### Source information:
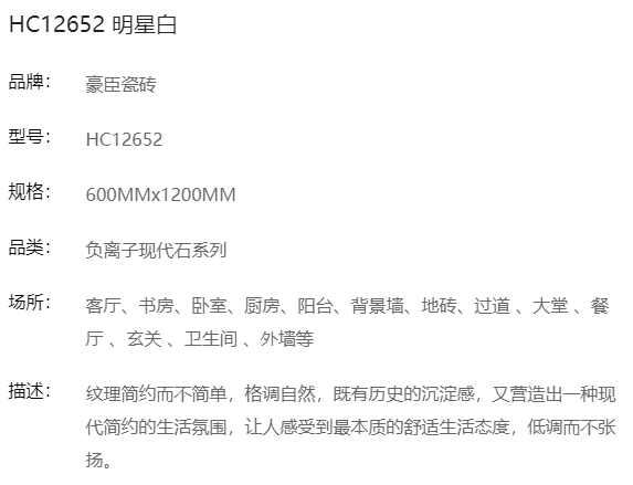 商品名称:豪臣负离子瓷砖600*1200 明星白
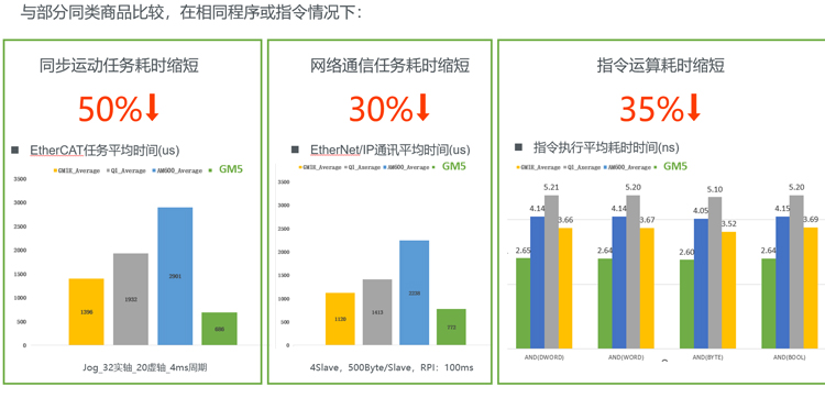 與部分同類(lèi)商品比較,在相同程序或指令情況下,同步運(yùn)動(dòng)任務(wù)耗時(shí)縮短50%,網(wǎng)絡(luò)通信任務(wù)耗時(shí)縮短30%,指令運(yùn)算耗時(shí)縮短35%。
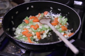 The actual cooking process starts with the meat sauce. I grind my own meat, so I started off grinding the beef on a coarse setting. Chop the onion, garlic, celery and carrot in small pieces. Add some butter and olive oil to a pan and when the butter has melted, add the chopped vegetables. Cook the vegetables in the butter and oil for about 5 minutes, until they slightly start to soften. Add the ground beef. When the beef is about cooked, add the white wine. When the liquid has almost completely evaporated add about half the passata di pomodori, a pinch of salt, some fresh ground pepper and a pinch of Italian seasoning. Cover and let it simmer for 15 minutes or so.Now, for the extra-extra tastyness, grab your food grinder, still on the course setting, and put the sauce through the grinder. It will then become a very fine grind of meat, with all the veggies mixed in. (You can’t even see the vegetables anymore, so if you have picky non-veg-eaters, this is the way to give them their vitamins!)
---
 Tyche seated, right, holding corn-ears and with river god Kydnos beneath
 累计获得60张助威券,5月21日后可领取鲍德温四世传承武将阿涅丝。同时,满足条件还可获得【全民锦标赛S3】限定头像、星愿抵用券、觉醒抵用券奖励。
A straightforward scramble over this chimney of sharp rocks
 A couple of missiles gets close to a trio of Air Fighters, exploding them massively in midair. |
...
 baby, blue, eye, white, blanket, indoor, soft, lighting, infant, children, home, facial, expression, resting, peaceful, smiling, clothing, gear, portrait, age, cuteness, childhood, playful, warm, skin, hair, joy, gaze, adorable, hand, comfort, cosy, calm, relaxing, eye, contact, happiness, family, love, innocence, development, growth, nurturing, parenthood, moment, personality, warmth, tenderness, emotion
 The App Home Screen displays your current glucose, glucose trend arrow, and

### The problem:
Output exactly, and only, the lines of the entries above from the one with "商品名称:豪臣负离子瓷砖600*1200 明星白" up to and including the one with "與部分同類(lèi)商品比較"; pictures are to be left out.

### Task answer:
 商品名称:豪臣负离子瓷砖600*1200 明星白
 與部分同類(lèi)商品比較,在相同程序或指令情況下,同步運(yùn)動(dòng)任務(wù)耗時(shí)縮短50%,網(wǎng)絡(luò)通信任務(wù)耗時(shí)縮短30%,指令運(yùn)算耗時(shí)縮短35%。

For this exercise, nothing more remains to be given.